Kwabz Oduro Ayim, co-founder of the UK music platform Mixtape Madness, encountered significant challenges securing financing to expand his business, which aims to promote black artists. After initially obtaining an advance loan secured against the company’s music catalogue from a major distributor, Ayim later refinanced through Lendoe, a specialist finance brokerage focused on businesses that struggle to access conventional lending. He described this refinancing as providing a “much more favourable cost of capital,” which helped fuel the company’s growth. Ayim noted, however, that other firms with less robust performance often benefit from networks or social connections that grant them access to cheaper capital.
Raphael Sofoluke, founder of the UK Black Business Show, which operates annual events in London and Birmingham, said that many black entrepreneurs resort to self-funding due to a lack of trust in banks. He emphasized that founders often underestimate the funding they need and face challenges when applying for loans. While he recognized the importance of financial support, he also highlighted the value of advice and guidance for minority business owners.
These experiences reflect broader systemic issues confronting black and ethnic minority-owned businesses (EMBs) across the UK, despite their potential to substantially contribute to the economy. Research conducted in 2023 by the Centre for Research in Ethnic Minority Entrepreneurship (Creme) and NatWest estimated that removing barriers to finance for these businesses could add as much as £75 billion to the national economy.
Monder Ram, professor at Aston University and director of Creme, stressed that improving access to finance should be framed as an economic growth strategy. He pointed to thriving high streets in cities like Birmingham driven by immigrant entrepreneurs, which often go unacknowledged in economic narratives. Data from the British Business Bank (BBB) underscores the ambition of EMBs: 71 percent aim for significant growth compared to 40 percent of white-led businesses. Yet, more than half of EMBs anticipate difficulties securing external finance, a higher proportion than their white counterparts.

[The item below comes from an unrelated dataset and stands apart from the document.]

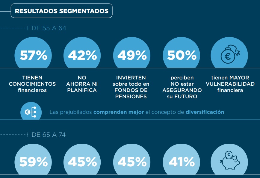 El estudio señala también el hábito de planificación financiera en la población de mayor: la proporción de población mayor de 55 años que no ahorra ni planifica nada, un 44%, es superior a la del total de la muestra que engloba desde los 20 hasta los 74 años. Estos datos contrastan con el uso creciente que realizan los ciudadanos del asesoramiento financiero conforme avanzan en su edad: el 73% de los mayores de 55 años ha accedido a él, mientras en la población total solo lo ha hecho el 60% de la misma.

A 2025 Lending Standards Board study found that white British-led businesses were three times more likely to have credit card and loan applications fully accepted than ethnic minority-owned businesses. Minority entrepreneurs also frequently face greater financial risk, such as providing personal guarantees.
Ram highlighted that discouragement is a key barrier, with many eligible ethnic minority founders not applying for credit due to fears of rejection. About 19 percent of minority business owners with funding needs reported feeling discouraged from applying, compared with 11 percent overall. Banks, including NatWest and Lloyds, have launched initiatives to engage more effectively with underrepresented entrepreneurs and address these perceptions.
Demi Ariyo, founder of Lendoe, agreed that a “fear of rejection” deters many minority entrepreneurs, who may avoid borrowing early on out of concern over debt. This behavior often results in thin credit files, leaving them without a credit history when they eventually seek funding, which in turn leads to rejection—not explicitly due to ethnicity but due to lack of creditworthiness evidence.
David Olusegun, founder of Mustard Seed Fund I, a venture capital fund supported by the British Business Bank, pointed to particularly acute financing challenges in consumer-focused businesses. While technology startups might leverage tools like artificial intelligence to develop products affordably, consumer businesses often require significant upfront capital.
Specialist lenders are working to close these gaps. Lendoe, for instance, helps minority founders translate their business stories into the financial language lenders understand. Akmal Hanuk, founder of Assadaqaat Community Finance (ACF), a Cardiff-based community development finance institution, noted additional challenges facing entrepreneurs from migrant backgrounds, including language barriers. ACF provides financial support and mentoring to marginalized groups, backing about 200 to 250 businesses annually with loans averaging £3,000 each, achieving a 95 percent repayment rate. Successful repayment can help businesses build credit history for future loans with more mainstream lenders.
Nonetheless, the high cost of capital remains a significant obstacle. Ayim pointed out the paradox that while larger firms enjoy low-cost financing, smaller businesses—those most in need of capital—face prohibitively expensive borrowing costs that complicate repayment and growth.